Can we meet soon, please?

I stared as the little envelope symbol winged off on its way, then stared some more as if that would get me an immediate reply, before telling myself to get on with more sensible things, like checking my emails … which consisted of a load of the usual ‘no, I really don’t want whatever it is you’re selling’ spam, and one from Hugh saying he’d was looking into my queries about the missing faelings, the Morrígan, Ana and the other stuff, and he’d get back to me.

‘At least someone’s trying to help me,’ I said loudly, nudging the carpeted Malik with my foot (not that I thought he could hear me, but it made me feel better). I picked up Grace’s pentacle from my bedside table, found another chain in one of the drawers to replace the broken one, and clasped it round my neck as I went over my day’s to-visit list.

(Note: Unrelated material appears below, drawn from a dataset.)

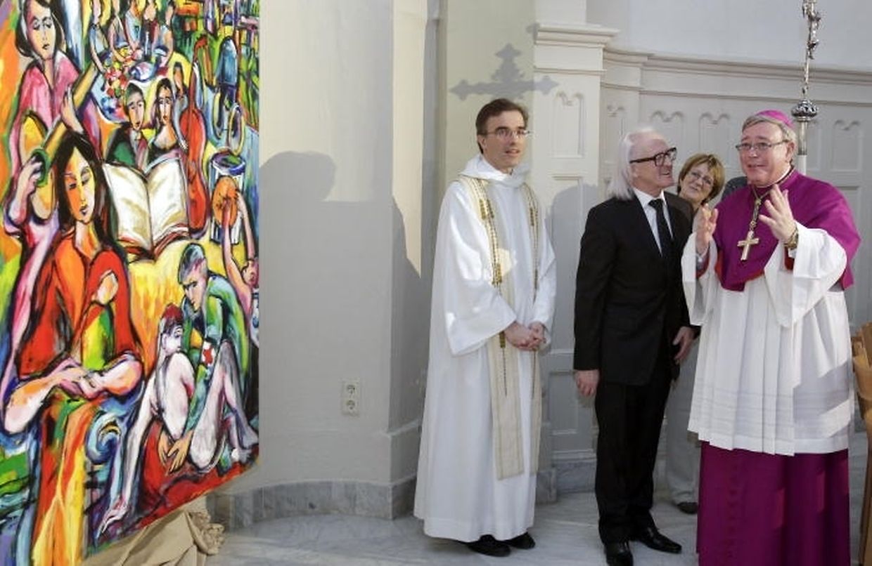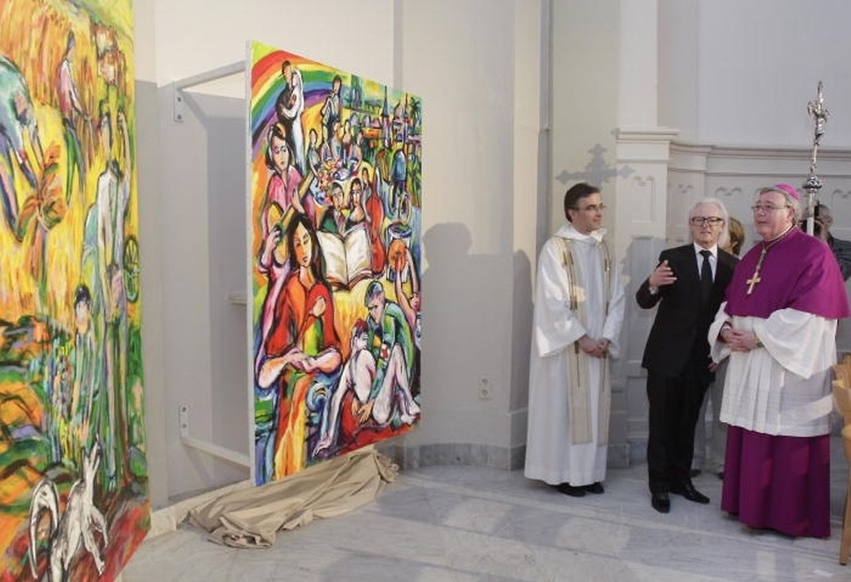 Es war ein bewegender Augenblick, als das farbenfrohe Triptychon von François Felten im Beisein des Künstlers enthüllt wurde. Auf dem dreigeteilten Gemälde im Chorraum ist jene Perikope aus dem Lukas-Evangelium dargestellt, die Pfarrer Nico Schartz später verkündete: Das Gleichnis vom Sämann, dessen Samen auf Felsen, unter die Dornen und auch auf guten Boden fällt.

There was the chat with Finn, hopefully. There was the visit Victoria Harrier, my lawyer, had arranged with the ravens at the Tower of London. And then there was the other visit Victoria had arranged, with her very pregnant daughter-in-law, Ana, to chat about babies and 3V and vamps and curses. I wasn’t looking forward to it, as even without Ana being a past, and possibly present and future, victim of the curse, the whole idea of talking to a faeling whose grandmother was a royal sidhe princess (which Angel was, however nutty she also was), and whose great-grandmother was a sidhe queen, filled my stomach with oddly nervous butterflies.

And that gave me another more immediate problem: what on earth was I supposed to wear that would be suitable for a meeting with the ravens, a faeling who had royal sidhe blood, and a serious chat with my ex-boss to sort out both the personal and working sides of our relationship, all the while trying to deal with matchmaking magic. In the end I decided on smart, but casual, with just a slight touch of sexy: a green top of silk and lace, black velvet jeans and killer-heel boots.

‘And then tonight,’ I said, bending down and giving the evil eye to Malik in the rolled-up carpet under my bed, ‘I’m going back to Sucker Town and find out what’s going on with Fyodor, Mad Max, Darius and my blood, and what they all have to do with the curse, and you are not going to stop me.’